Beginning with the line that holds "つっぱり棒 伸縮棒 幅110〜190cm" in the data below, give again every line through the one that holds "4. Combine the", exactly as written.

PROVIDED MATERIAL —
= Beginning of Section =
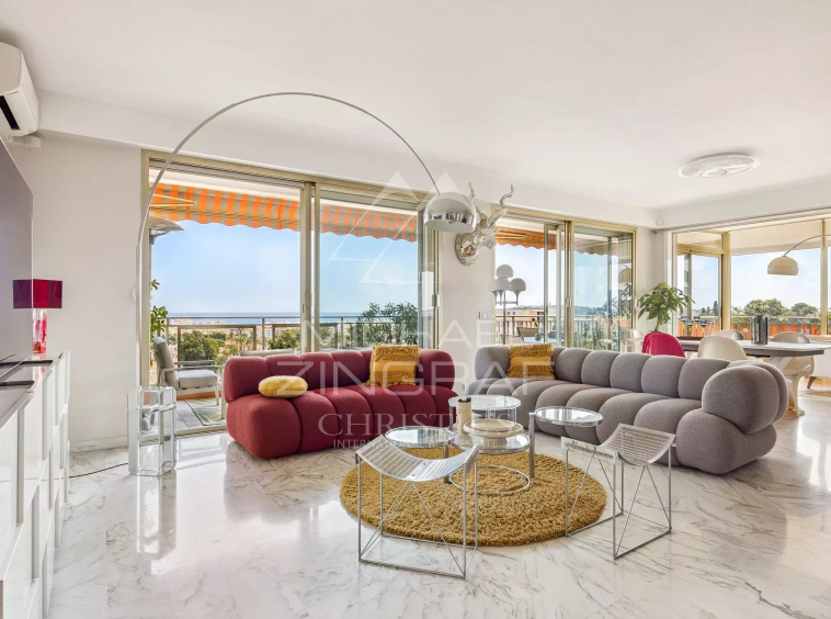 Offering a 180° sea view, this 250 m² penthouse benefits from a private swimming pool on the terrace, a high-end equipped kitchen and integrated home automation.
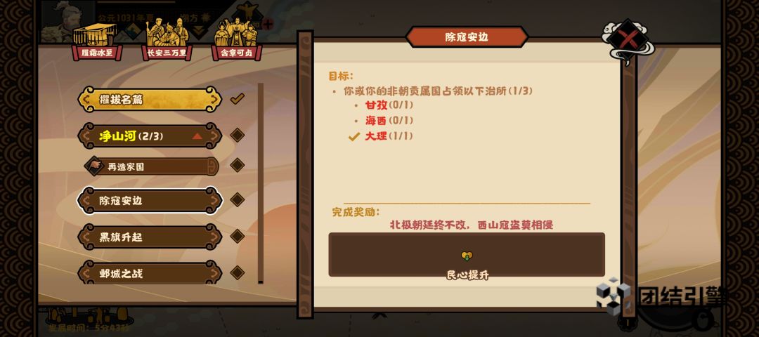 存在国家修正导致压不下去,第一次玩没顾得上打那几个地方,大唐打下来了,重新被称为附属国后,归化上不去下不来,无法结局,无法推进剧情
= End of Section =
= Beginning of Section =
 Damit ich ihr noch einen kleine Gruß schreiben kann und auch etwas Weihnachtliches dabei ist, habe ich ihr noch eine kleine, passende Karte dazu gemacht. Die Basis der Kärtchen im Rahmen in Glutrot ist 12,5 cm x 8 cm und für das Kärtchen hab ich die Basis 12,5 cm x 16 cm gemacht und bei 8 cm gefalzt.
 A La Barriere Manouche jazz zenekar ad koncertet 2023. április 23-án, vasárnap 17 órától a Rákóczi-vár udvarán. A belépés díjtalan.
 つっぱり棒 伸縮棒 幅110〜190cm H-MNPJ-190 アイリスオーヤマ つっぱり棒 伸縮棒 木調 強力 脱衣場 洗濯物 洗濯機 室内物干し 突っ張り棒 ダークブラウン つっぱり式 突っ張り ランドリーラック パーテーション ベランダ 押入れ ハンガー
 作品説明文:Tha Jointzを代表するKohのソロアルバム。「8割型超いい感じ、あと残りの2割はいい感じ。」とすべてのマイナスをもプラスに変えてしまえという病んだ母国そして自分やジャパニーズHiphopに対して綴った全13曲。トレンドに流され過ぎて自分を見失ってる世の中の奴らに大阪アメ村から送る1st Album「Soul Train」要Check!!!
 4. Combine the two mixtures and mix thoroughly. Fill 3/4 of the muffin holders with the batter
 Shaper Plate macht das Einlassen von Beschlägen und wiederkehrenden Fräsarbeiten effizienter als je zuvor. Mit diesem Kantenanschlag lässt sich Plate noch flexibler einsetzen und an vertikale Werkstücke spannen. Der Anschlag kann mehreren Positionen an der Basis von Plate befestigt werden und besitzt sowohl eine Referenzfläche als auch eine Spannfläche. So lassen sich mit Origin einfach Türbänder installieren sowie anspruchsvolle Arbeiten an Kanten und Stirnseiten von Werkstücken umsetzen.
= End of Section =
TASK RESPONSE —
 つっぱり棒 伸縮棒 幅110〜190cm H-MNPJ-190 アイリスオーヤマ つっぱり棒 伸縮棒 木調 強力 脱衣場 洗濯物 洗濯機 室内物干し 突っ張り棒 ダークブラウン つっぱり式 突っ張り ランドリーラック パーテーション ベランダ 押入れ ハンガー
 作品説明文:Tha Jointzを代表するKohのソロアルバム。「8割型超いい感じ、あと残りの2割はいい感じ。」とすべてのマイナスをもプラスに変えてしまえという病んだ母国そして自分やジャパニーズHiphopに対して綴った全13曲。トレンドに流され過ぎて自分を見失ってる世の中の奴らに大阪アメ村から送る1st Album「Soul Train」要Check!!!
 4. Combine the two mixtures and mix thoroughly. Fill 3/4 of the muffin holders with the batter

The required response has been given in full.